A potent toxicant like TCE dumped into an impoverished community exposed to chemical stressors from other environmental risks, like the railroad that passes through Pittard Road, can have synergistic effects on the human body. This means the combination of the mixes can be more harmful. Without TCE in the mix, would residents be suffering with high rates of cancer?
Given all the variabilities involved in the lives of human beings who breathe, eat, sleep, play, and work, science cannot justify intentional exposures of a community to an industrial solvent. Instead of asking how much harm can be tolerated, we should be asking how much harm can be eliminated.
It is clear that Nakanishi has violated our rights to a safe environment, but what is not clear is why they continue to be granted immunity by our environmental regulatory agencies. Why haven’t Governor Perdue and Senators Chambliss and Isakson assisted Pittard Road residents in their repeated requests for intervention? Why does Nakanishi continue to hide behind the laws that fellow corporate lobbyists write, and refuse to honor a timetable to stop this injustice? Has the "pathological pursuit of profit and power" desensitized our elected officials to the point that corporations dictate and define our lives? Has our common good been sold to the highest bidder? Corporations should not control our government; on the contrary, corporations exist because of our government. Athens Clarke County can ask itself: if we are seriously interested in fighting poverty, do we continue to allow corporate abuse of impoverished communities when alternatives exist which benefit all?

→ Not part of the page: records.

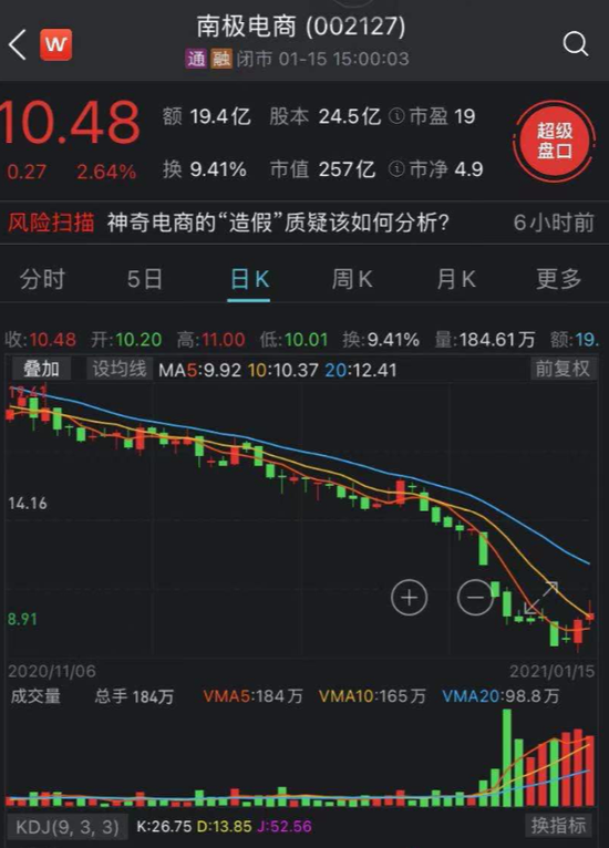 南极电商股价1月15日上涨2.64%,报10.48元。最近10个交易日股价跌逾23%。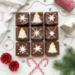 - Decorate Brownies: Transfer the royal icing to a piping bag fitted with a star tip. Pipe festive designs such as Christmas trees or snowflakes on top of each brownie.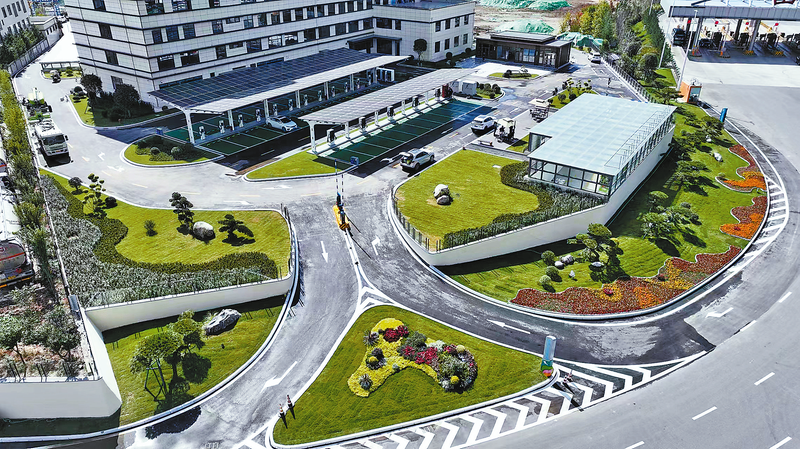 近年来,山阳县不断提升城市品质,让城市融入大自然,相继建成口袋公园、带状公园八个,城区造绿面积达三十五万平方米。图为与口袋公园融为一体的山阳县新型光储智能充电站。 (本报记者 米子扬 摄)
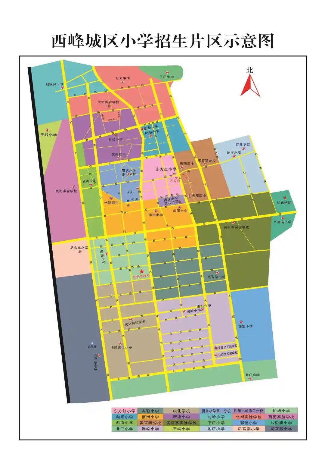 西街小學:慶化大道以東,西大街以南,長慶大道以西,蘭州路以北;慶化大道以東,解放西路以南,老西環(huán)路以西,西大街以北。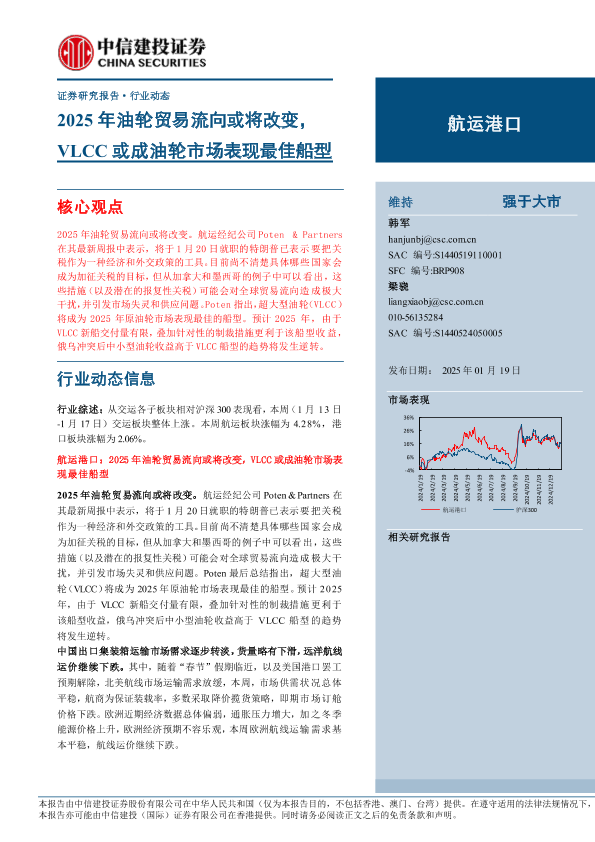 【中信建投证券】【20250119】2025年02月07日更新-【中信建投】航运港口行业动态:2025年油轮贸易流向或将改变,VLCC或成油轮市场表现最佳船型-24页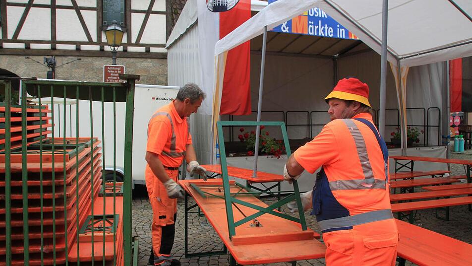 Als die letzten Gäste das Stadtfest in Münnerstadt verlassen hatten, war die Arbeit für die vielen Helfer noch nicht zu Ende. Am Montag stand der letzte Kraftakt des dreitägigen Festes "Musik und Märkte" an: der Abbau. Noch einmal mussten die ehrenamtlichen Helfer des TSV Münnerstadt anpacken, war der Bautrupp mit vier Männern im Einsatz und kümmerten sich die Mitarbeiter von Kultourismus um die großen und kleinen Dinge, die so ein Fest mit sich bringt.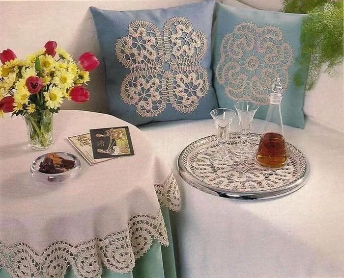 Такими вещичками в советское время, многие украшали комнату. Ими накрывали телевизор, ставили на них вазы и статуэтки. В наши дни салфетки тоже можно использовать, и это не будет выглядеть пережитком прошлого. Можно нашить их на наволочки диванных подушек, или повесить в рамке на стену. Кружева ручной работы будут придавать уют и украшать интерьер в стиле кантри.

Jill McElheney heads Micah's Mission, a faith-based children's environmental health ministry in Athens, GA. She writes, "Christ has called those of us who claim to be his followers to care for the poor and the sick and to be good stewards of the gifts he has given us which include our children and our environment." Jill lives less than five miles from Pittard Road. She wrote this essay on behalf of Pittard Road residents and submitted it to a local paper after the paper reported that the student sampling project showed TCE levels were "within acceptable levels." The paper did not publish Jill's essay.